Topic: Picturing Quantum Processes

Spencer Whitt (May 11 2020 at 00:05):

I took a stab at solving the type issue in question 3.38. I started by rephrasing the given rules for $0$ more clearly. I've labeled the types and numbered $f_1 f_2 f_3 f_4$ to show that they need not be the same. I've also repeated the rule twice, once $0_1$ and once for $0_2$. This makes it clear that each $0_i$ is actually a family of processes - there is a separate process $0_i$ for each type $A \to B$, and they are related by the given rules - but crucially the given rules do not indicate any explicit relationship between $0_1$ and $0_2$. With this established, the proof is straight forward and demonstrates that $0_1 = 0_2$ for any arbitrary types A and C. @Oliver Shetler @Wenbo Gao CCI05102020.jpg

Wenbo Gao (May 11 2020 at 00:24):

Yeah I think you are right. The first f should be different from the second f and similarly for 0s.

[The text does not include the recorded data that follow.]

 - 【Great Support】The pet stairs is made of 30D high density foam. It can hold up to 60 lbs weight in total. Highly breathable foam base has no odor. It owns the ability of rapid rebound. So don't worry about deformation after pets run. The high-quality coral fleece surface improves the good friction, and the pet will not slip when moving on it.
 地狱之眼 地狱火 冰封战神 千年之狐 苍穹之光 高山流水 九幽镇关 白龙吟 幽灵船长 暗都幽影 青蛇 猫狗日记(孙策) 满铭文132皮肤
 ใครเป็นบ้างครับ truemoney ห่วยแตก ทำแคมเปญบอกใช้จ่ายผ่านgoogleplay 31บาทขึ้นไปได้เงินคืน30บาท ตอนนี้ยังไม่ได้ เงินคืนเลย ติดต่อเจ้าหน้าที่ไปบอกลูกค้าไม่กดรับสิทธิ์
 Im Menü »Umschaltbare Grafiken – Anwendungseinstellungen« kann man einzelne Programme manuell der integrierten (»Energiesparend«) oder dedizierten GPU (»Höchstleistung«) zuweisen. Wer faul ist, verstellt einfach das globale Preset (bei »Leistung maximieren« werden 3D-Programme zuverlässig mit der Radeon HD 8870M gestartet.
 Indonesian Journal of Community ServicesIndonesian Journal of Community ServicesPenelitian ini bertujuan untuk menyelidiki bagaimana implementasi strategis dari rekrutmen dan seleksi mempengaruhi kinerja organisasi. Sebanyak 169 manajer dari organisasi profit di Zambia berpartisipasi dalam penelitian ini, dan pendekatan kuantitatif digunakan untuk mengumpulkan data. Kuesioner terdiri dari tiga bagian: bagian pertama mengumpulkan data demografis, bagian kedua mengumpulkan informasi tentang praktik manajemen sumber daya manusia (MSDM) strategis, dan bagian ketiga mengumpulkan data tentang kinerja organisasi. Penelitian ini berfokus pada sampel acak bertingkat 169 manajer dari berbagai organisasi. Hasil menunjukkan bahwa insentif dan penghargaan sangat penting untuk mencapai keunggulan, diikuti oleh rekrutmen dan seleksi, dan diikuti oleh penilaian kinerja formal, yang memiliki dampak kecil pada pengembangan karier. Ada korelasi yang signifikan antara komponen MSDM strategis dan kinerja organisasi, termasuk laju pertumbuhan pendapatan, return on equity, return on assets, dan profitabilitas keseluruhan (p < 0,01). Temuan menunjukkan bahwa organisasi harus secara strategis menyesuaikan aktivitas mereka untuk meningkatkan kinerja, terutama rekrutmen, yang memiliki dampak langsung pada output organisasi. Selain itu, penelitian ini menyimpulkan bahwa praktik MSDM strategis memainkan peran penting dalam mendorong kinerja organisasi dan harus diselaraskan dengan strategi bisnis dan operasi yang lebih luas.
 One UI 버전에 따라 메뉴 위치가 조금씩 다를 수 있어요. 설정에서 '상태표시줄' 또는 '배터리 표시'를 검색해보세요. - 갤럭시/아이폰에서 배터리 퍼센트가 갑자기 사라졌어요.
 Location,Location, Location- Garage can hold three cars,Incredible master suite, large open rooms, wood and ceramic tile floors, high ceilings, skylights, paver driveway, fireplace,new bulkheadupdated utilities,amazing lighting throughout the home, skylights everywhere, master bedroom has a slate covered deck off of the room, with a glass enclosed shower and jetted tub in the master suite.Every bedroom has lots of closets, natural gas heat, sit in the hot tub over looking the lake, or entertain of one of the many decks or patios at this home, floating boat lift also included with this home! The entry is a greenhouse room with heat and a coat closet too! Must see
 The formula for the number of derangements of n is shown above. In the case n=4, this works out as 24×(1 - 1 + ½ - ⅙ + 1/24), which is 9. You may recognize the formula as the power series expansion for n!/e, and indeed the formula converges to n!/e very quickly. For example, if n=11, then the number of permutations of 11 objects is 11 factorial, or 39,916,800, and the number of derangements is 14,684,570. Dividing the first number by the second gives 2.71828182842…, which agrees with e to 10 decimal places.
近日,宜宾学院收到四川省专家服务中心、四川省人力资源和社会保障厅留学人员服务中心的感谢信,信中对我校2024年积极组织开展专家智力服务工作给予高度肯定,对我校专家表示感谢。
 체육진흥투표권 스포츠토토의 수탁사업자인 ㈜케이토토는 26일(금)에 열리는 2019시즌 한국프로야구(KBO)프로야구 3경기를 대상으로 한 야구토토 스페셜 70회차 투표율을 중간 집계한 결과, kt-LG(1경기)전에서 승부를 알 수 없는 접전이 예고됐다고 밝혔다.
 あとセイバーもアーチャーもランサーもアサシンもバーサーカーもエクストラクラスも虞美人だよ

Oliver Shetler (May 11 2020 at 00:49):

image-720fa46c-21da-4a01-a6c3-0b8fba542c0c.jpg

Oliver Shetler (May 11 2020 at 00:49):

This works. If we add the diagram with the parallel composition with zero, we can prove the insertion induction too.

Spencer Whitt (May 11 2020 at 02:03):

What is "insertion induction"? Are you asserting that this diagram proves the theorem? I can see that it's a true diagram, but I don't see how it proves the theorem - after all, it only has one type of 0. It needs two different 0's in order to prove they are equal. Here is a version of my proof using 0 numbers for comparison. IMG_20200510_215944.jpg

Oliver Shetler (May 11 2020 at 14:35):

What I'm saying is that if you include the additional condition and prove that all zero processes of all types are equivelant to multiplying any process by the unique number zero, you get the result I posted. In fact, you get the even stronger induction that any diagram with the same input and output wires multiplied by zero is the same as any insertion of any admissable type of zero process.

Spencer Whitt (May 11 2020 at 15:55):

Are you able to establish that the number 0 is unique, without the use of the proofs I posted?

Oliver Shetler (May 11 2020 at 16:32):

Why would I be? I said if we add the extra equation, we get the induction from your proofs.

Spencer Whitt (May 11 2020 at 17:31):

Ahh ok I was just misunderstanding you. I think we're on the same page now. All of this does indeed follow.